Ultrathin graphene oxide membranes on freestanding carbon nanotube supports for enhanced selective permeation in organic solvents.

Author information

1
Department of Chemical and Biomolecular Engineering (BK-21 Plus) & KAIST Institute for Nanocentury, Korea Advanced Institute of Science and Technology (KAIST), Daejeon, 34141, Korea.
2
Department of Chemical and Biomolecular Engineering (BK-21 Plus) & KAIST Institute for Nanocentury, Korea Advanced Institute of Science and Technology (KAIST), Daejeon, 34141, Korea. audw1105@gmail.com.
3
Graduate School of EEWS, Korea Advanced Institute of Science and Technology (KAIST), Daejeon, 34141, Korea.
4
Department of Chemical and Biomolecular Engineering (BK-21 Plus) & KAIST Institute for Nanocentury, Korea Advanced Institute of Science and Technology (KAIST), Daejeon, 34141, Korea. heetae@kaist.ac.kr.

Abstract

Among the various factors required for membranes in organic solvent separations, the stability of membrane supports is critical in the preparation of membranes with universal chemical stability, mechanical flexibility, and high flux.
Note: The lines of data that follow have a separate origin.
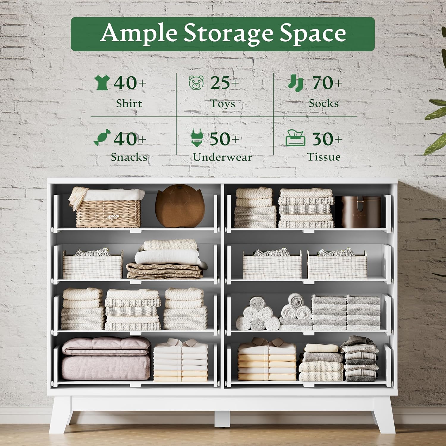 - ăLarge Storage CapacityăThe dresser for closet features 8 deep drawers that provide plenty of room for organizing clothing, bedding, cosmetics, or jewelry, helping you maintain a neat and tidy space. The wide wooden tabletop can serve as a dresser TV stand or display your decorations such as photo frames, plants or mirrors. Perfect for bedroom, living room, hallway, entryway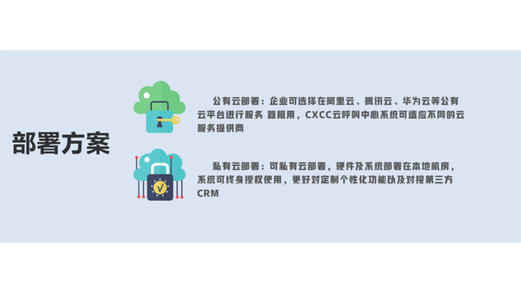 公有云部署:企業(yè)可選擇在阿里云、騰訊云、華為云等公有云平臺進行服務器租用,CXCC云呼叫中心系統(tǒng)可適應不同的云服務提供商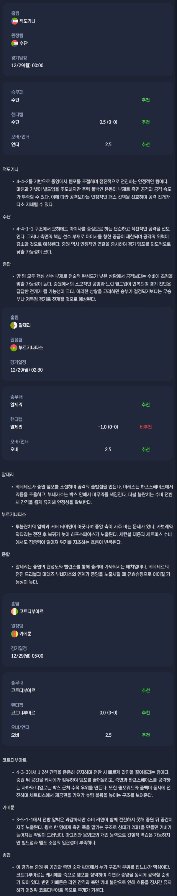 2025년 12월 29일 아프리카 네이션스컵 분석자료 / 축구분석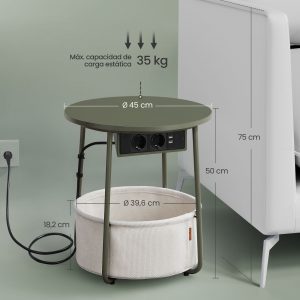 Adecuada para Espacios Pequeños: Con dimensiones de 45 x 50 cm para la mesa y una cesta de 39,6 x 18,2 cm, esta mesa es perfecta para espacios reducidos. Ya sea como mesa auxiliar en el salón o como mesita de noche en el dormitorio, ofrece un espacio práctico sin ocupar demasiado lugar.
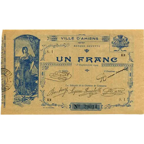 Obverse lettering VILLE D`AMIENS BANQUE DUVETTE UN FRANC 15 Septembre 1914 Les Délégués de la Chambre de Commerce IMP. DU PROGRÉS.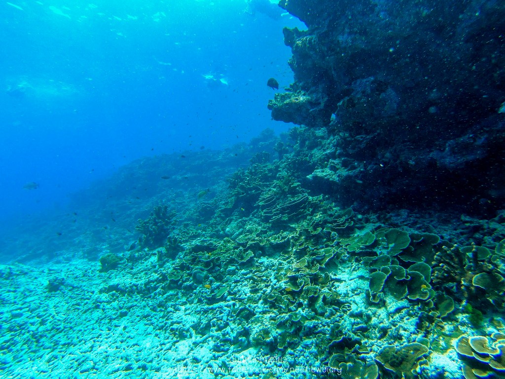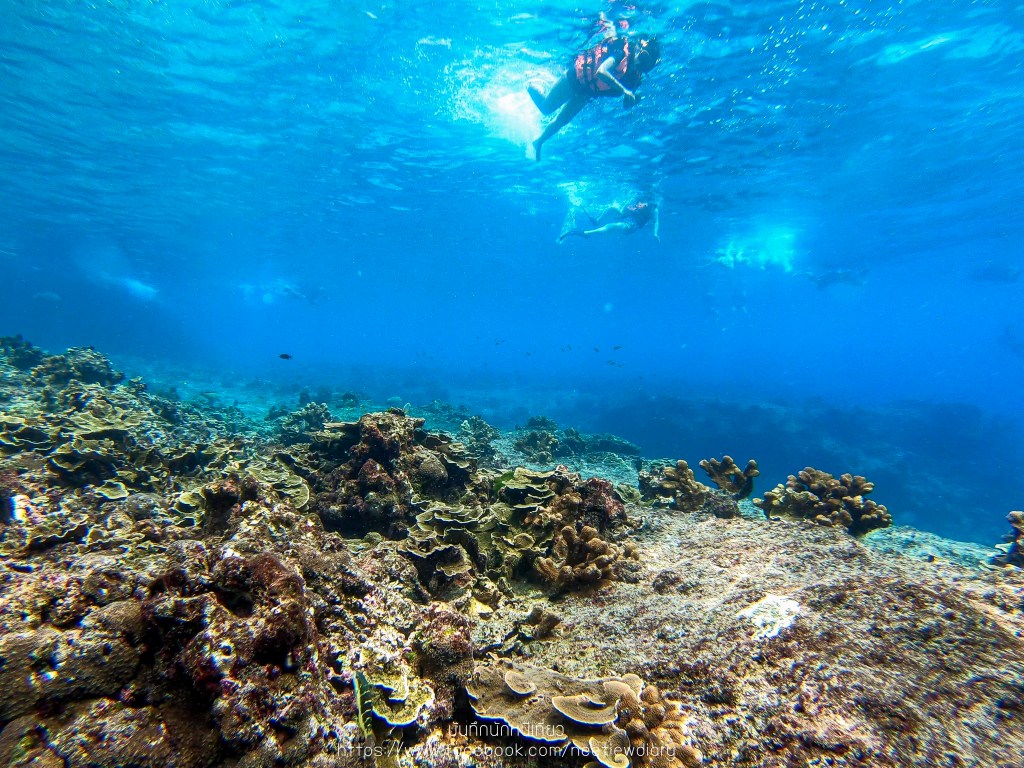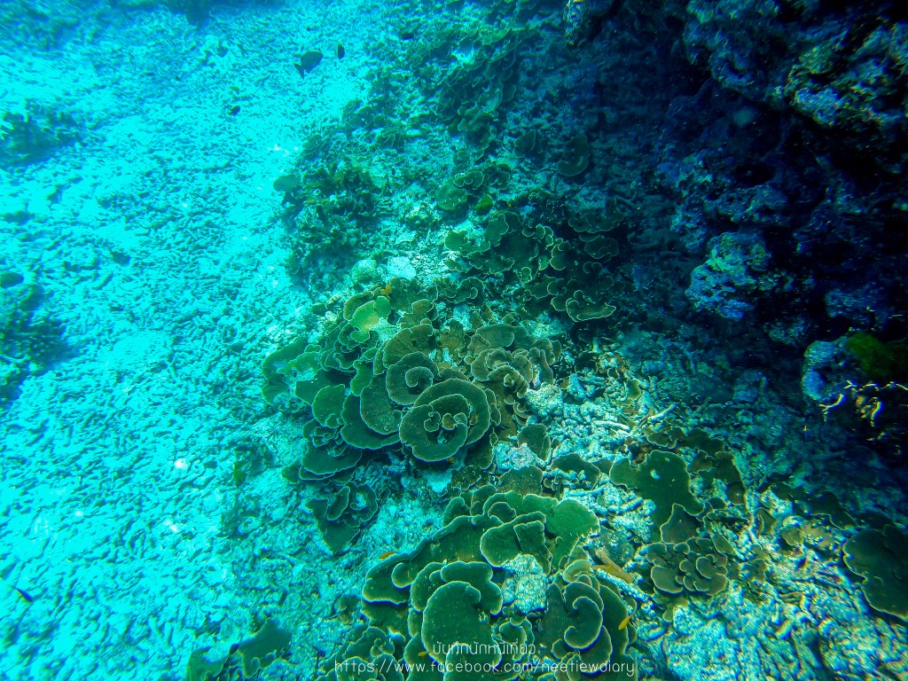 บริเวณนี้สวยดีค่ะ มีปะการังสีน้ำเงินเยอะเลย

In this study, nanoporous freestanding carbon nanotube (CNT) films were fabricated and utilized as supports for enhanced permeation in organic solvents. The excellent chemical stability of the CNT support allowed it to withstand various organic solvents such as toluene, acetone, and dimethylformamide. In addition, the structural stability and high pore density of CNT supports allowed the deposition of an ultrathin selective layer for an enhanced-flux membrane. Membrane performance was demonstrated by depositing a thin graphene oxide (GO) layer on the CNT support; GO was selected because of its high chemical stability. CNT-supported GO membranes effectively blocked molecules with molecular weight larger than ~800 g mol-1 while allowing the fast permeation of small molecules such as naphthalene (permeation was 50 times faster than that through thick GO membranes) and maintaining selective permeation in harsh solvents even after 72 hours of operation. We believe that the developed CNT support can provide fundamental insights in utilizing selective materials toward organic solvent membranes.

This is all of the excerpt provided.